Da quando ha vinto il bando della Regione Veneto per le attività sportive e associative nel carcere di Vicenza, il CSI vicentino ha steso un programma fittissimo di attività nel carcere Filippo Papa. Tennistavolo, nordic walking, scacchi, tai chi chuan e persino lezioni di ortoterapia.

Il progetto si allarga ad una rete di relazioni che ne ampliano le finalità.
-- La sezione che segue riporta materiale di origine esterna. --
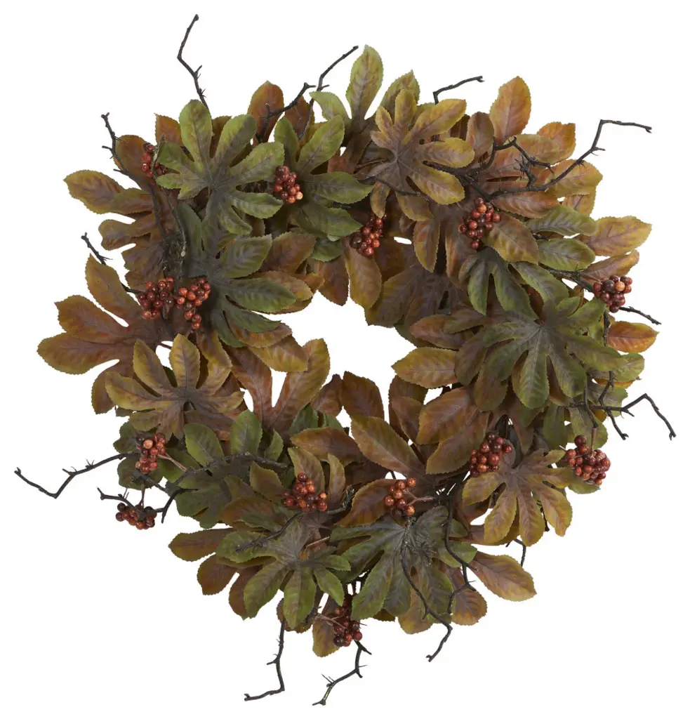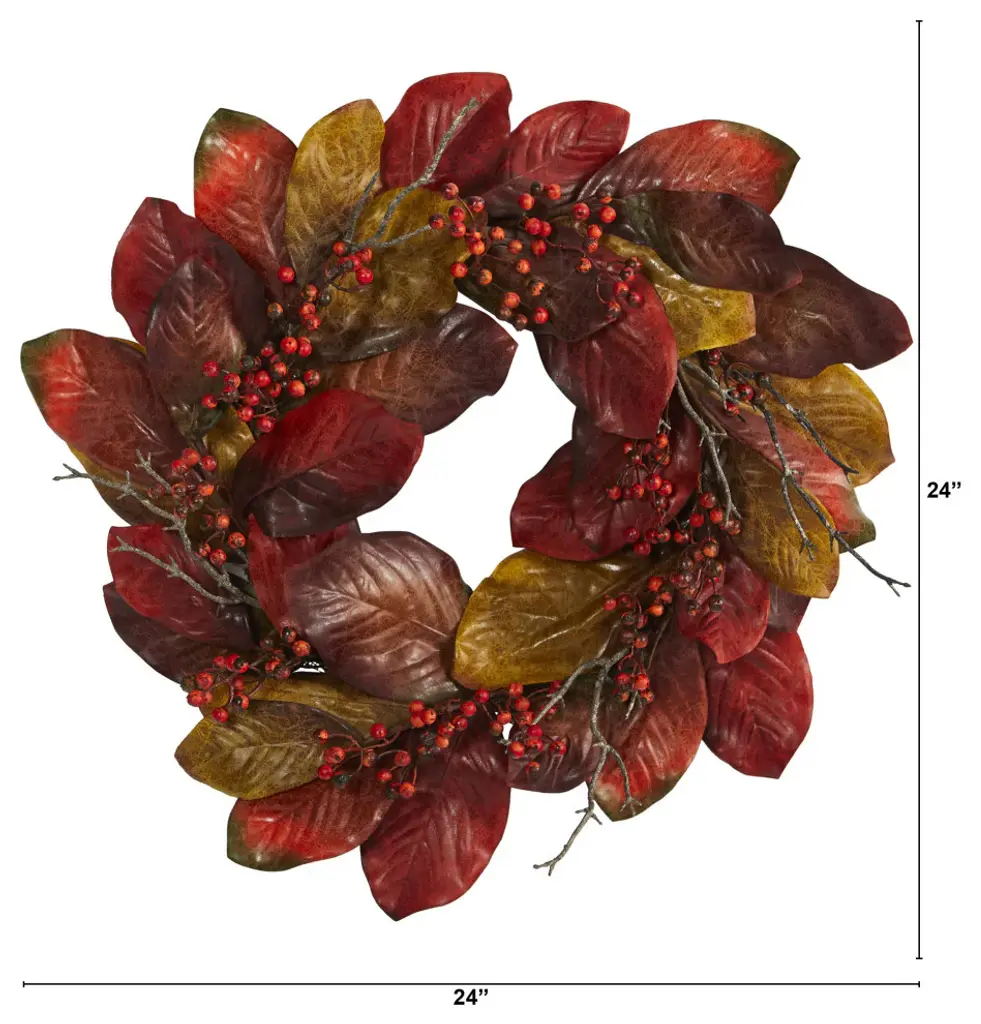 Showcase hues of the harvest with the autumn-inspired beauty provided by this colorful artificial wreath. Intricately designed with realistic looking magnolia leaves in fiery, seasonal colors, it comes complemented with sprays of faux berries that look incredibly lifelike. Perfect for sprucing up a bare wall or an empty doorway, this 24" (in circumference) decorative wreath would undoubtedly make a handsome holiday accent wherever displayed.
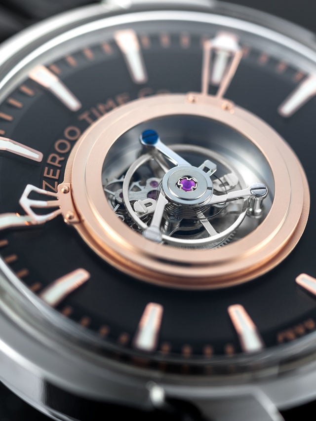 文字盤の中央に新デザインのキャリッジを鎮座させたセンター・トゥールビヨンZEROO T6。トゥールビヨンにこだわり製品を開発してきたゼロタイム株式会社が発表する第六弾のトゥールビヨンモデルです。

Ma il CSI Vicenza è andato anche oltre: ha stretto legami con le scuole portando gli istituti superiori nelle carceri con il percorso “Carcere Lungo”; ha stretto un rapporto con sponsor che hanno fornito materiale sportivo in comodato d’uso, e ha messo a disposizione degli istituti penitenziari operatrici qualificate per l’accoglienza dei bimbi dei detenuti durante le visite familiari.

Lo sport di base ha dimostrato ancora una volta di aver recepito le esigenze dei territori e delle fasce fragili della popolazione, dando risposte concrete ai bisogni attraverso l’attività sportiva.

Le premesse, dunque, ci sono tutte affinché questo strumento diventi davvero leva per una più semplice ed efficace risocializzazione degli ex detenuti ed ex detenute, e mezzo per la tutela del diritto alla salute psicofisica di chi vive la detenzione. Anche l’impianto legislativo non manca di valorizzare lo sport e la sua centralità nelle progettualità delle direzioni penitenziarie. I dati, però, restituiscono una situazione che non corrisponde a quella che ci si aspetterebbe, visti i presupposti. Da qualche parte il percorso si inceppa e non è ancora chiaro dove, ma continuare a lavorare affinché nelle carceri si possa “andare a giocare, così ci si sfoga” continua ad essere determinante.